Define attributes - What varies in your data (topic, difficulty, style, etc.)
Create templates - How the AI should generate content using those attributes
Generate samples - The system creates many examples by combining different attribute values

Your First Synthesis#

Let’s create a simple question-answer dataset. Save this as my_first_synth.yaml:

# Generate 10 geography questions
strategy: GENERAL
num_samples: 10
output_path: geography_qa.jsonl

strategy_params:
  # Give the AI an example to learn from
  input_examples:
    - examples:
      - example_question: "What is the capital of France?"

  # Define what should vary across examples
  sampled_attributes:
    - id: difficulty
      name: Difficulty Level
      description: How challenging the question should be
      possible_values:
        - id: easy
          name: Easy
          description: Basic facts everyone should know
        - id: hard
          name: Hard
          description: Detailed knowledge for experts

  # Tell the AI how to generate questions and answers
  generated_attributes:
    - id: question
      instruction_messages:
        - role: SYSTEM
          content: "You are a geography teacher creating quiz questions. Example: {example_question}"
        - role: USER
          content: "Create a {difficulty} geography question. Write the question only, not the answer."
    - id: answer
      instruction_messages:
        - role: SYSTEM
          content: "You are a helpful AI assistant."
        - role: USER
          content: "{question}"

# Configure which AI model to use
inference_config:
  model:
    model_name: claude-3-5-sonnet-20240620
  engine: ANTHROPIC

Run it with:

oumi synth -c my_first_synth.yaml

What happens: The system will create 10 geography questions, some easy and some hard, saved to geography_qa.jsonl.
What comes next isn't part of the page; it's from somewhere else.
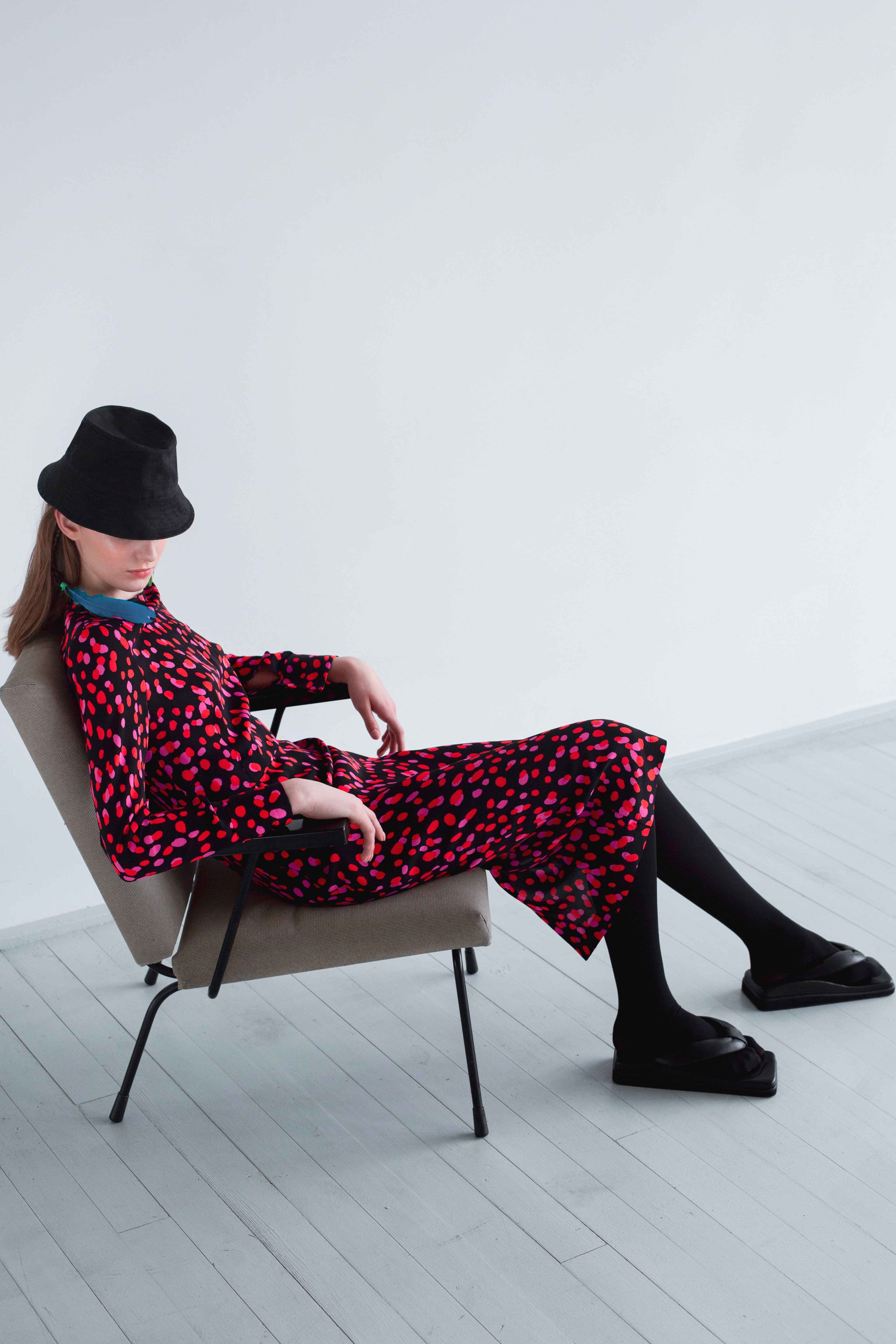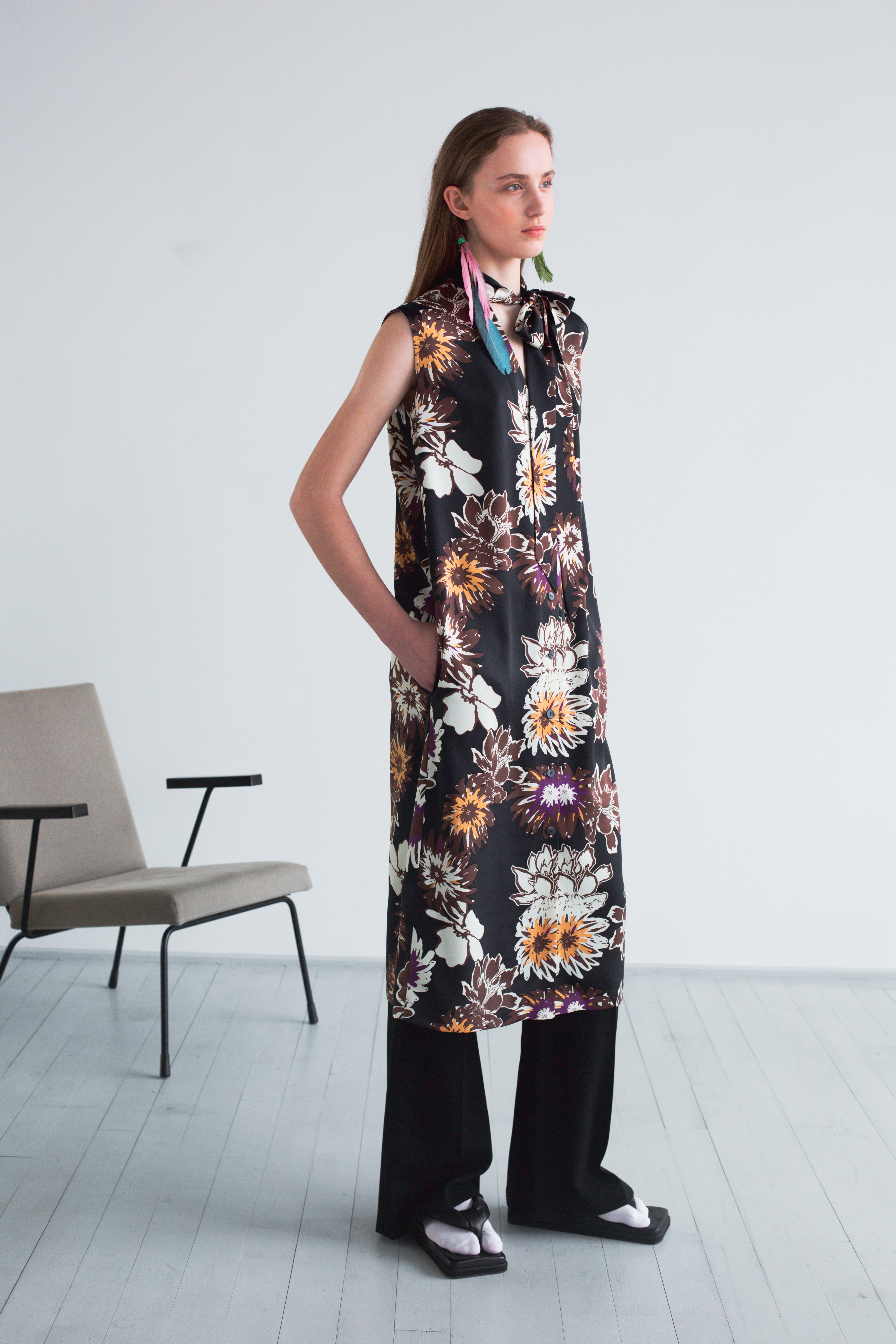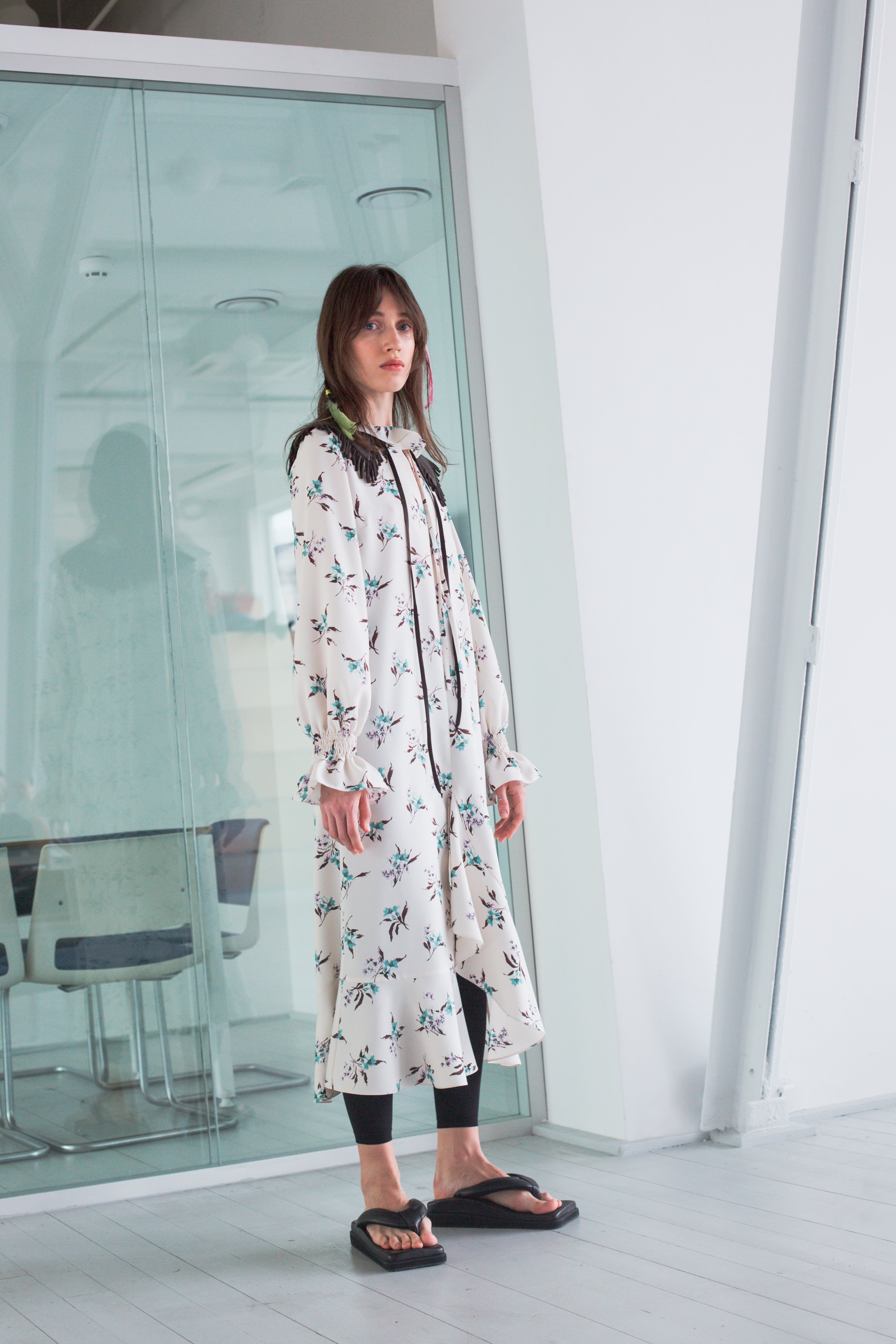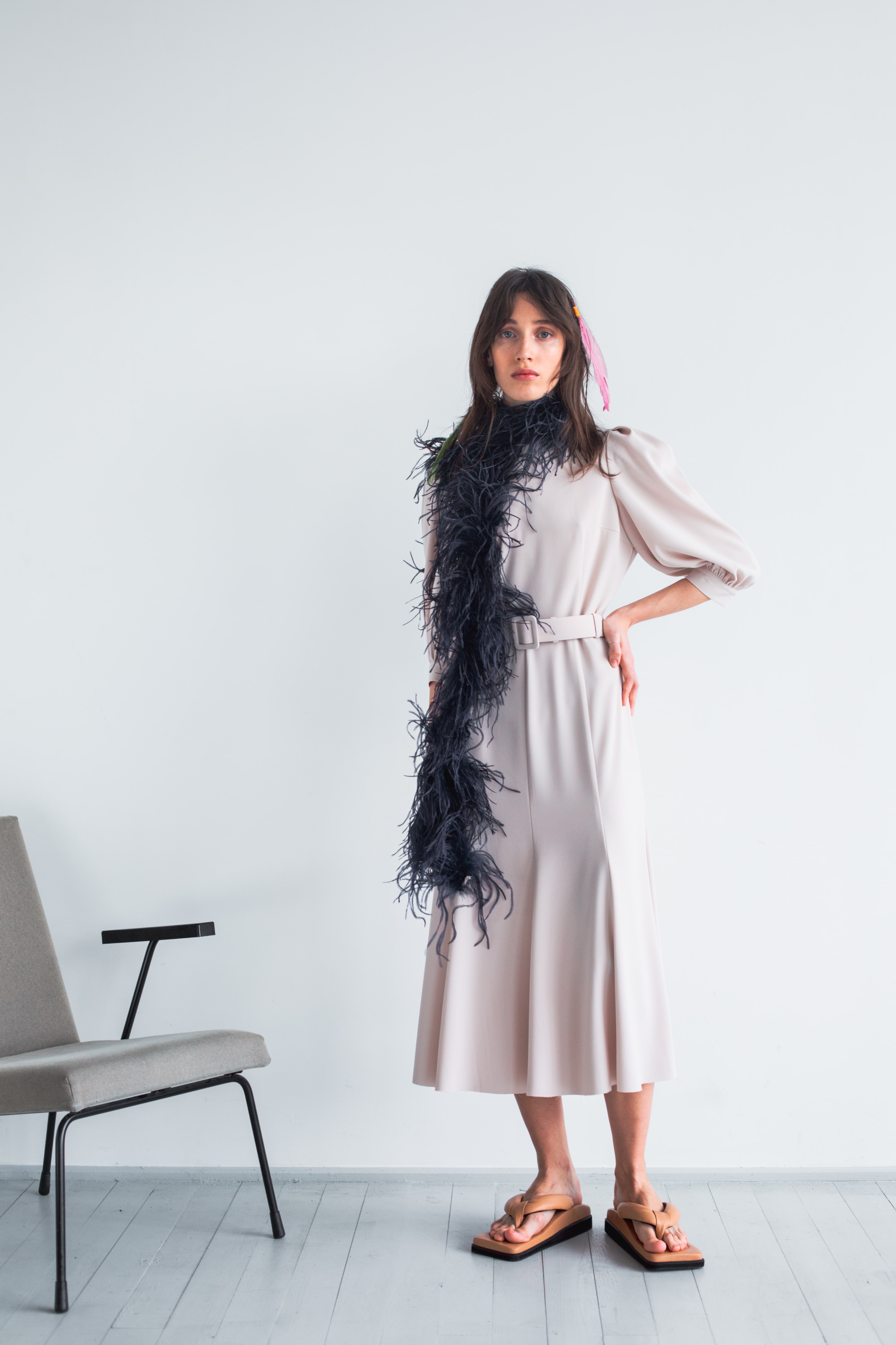 В новой коллекции дизайнер Лилия Пустовит объединила традиции косовской керамики, с её орнаментальным "древом жизни", и эстетику португальской этники — в частности декоративные приемы, которые встречаются на плитке "азулежу". Насыщенные осенние краски сочетаются с классической клеткой и знаковым для бренда цветочными принтом. Женственные платья дополнены отложными воротниками из экокожи, декорированными бахромой. Оставаясь верным своей ДНК, бренд Poustovit снова выдерживает грань между актуальностью и вневременной элегантностью.

Understanding the Results#

After running synthesis, you’ll see:

A preview table showing the first few generated samples
The total number of samples created
Instructions for using the dataset in training

Each line in the output file contains one example:

{"difficulty": "easy", "question": "What is the largest continent?", "answer": "Asia"}
{"difficulty": "hard", "question": "Which country has the most time zones?", "answer": "France"}

Next Steps: Building More Complex Datasets#

Once you’re comfortable with the basics, you can create more sophisticated datasets:

Adding Multiple Attributes#

Mix and match different properties (topic + difficulty + style):

sampled_attributes:
  - id: topic
    possible_values: [{id: geography}, {id: history}, {id: science}]
  - id: difficulty
    possible_values: [{id: easy}, {id: medium}, {id: hard}]
  - id: style
    possible_values: [{id: formal}, {id: casual}, {id: academic}]

Using Your Own Data#

Feed in existing datasets or documents:

input_data:
  - path: "my_existing_data.jsonl"
input_documents:
  - path: "textbook.pdf"

Supported dataset formats (input_data): JSONL, JSON, CSV, TSV, Parquet, and XLSX. For XLSX files, every sheet is concatenated into a single dataset, so you can keep related tabs in one workbook. Globs are supported:

input_data:
  - path: "data/**/*.xlsx"

Supported document formats (input_documents): .pdf, .txt, .md, .html, and .docx. DOCX files are parsed paragraph-by-paragraph.

Note

XLSX / DOCX parsing require the synthesis extras: pip install oumi[synthesis].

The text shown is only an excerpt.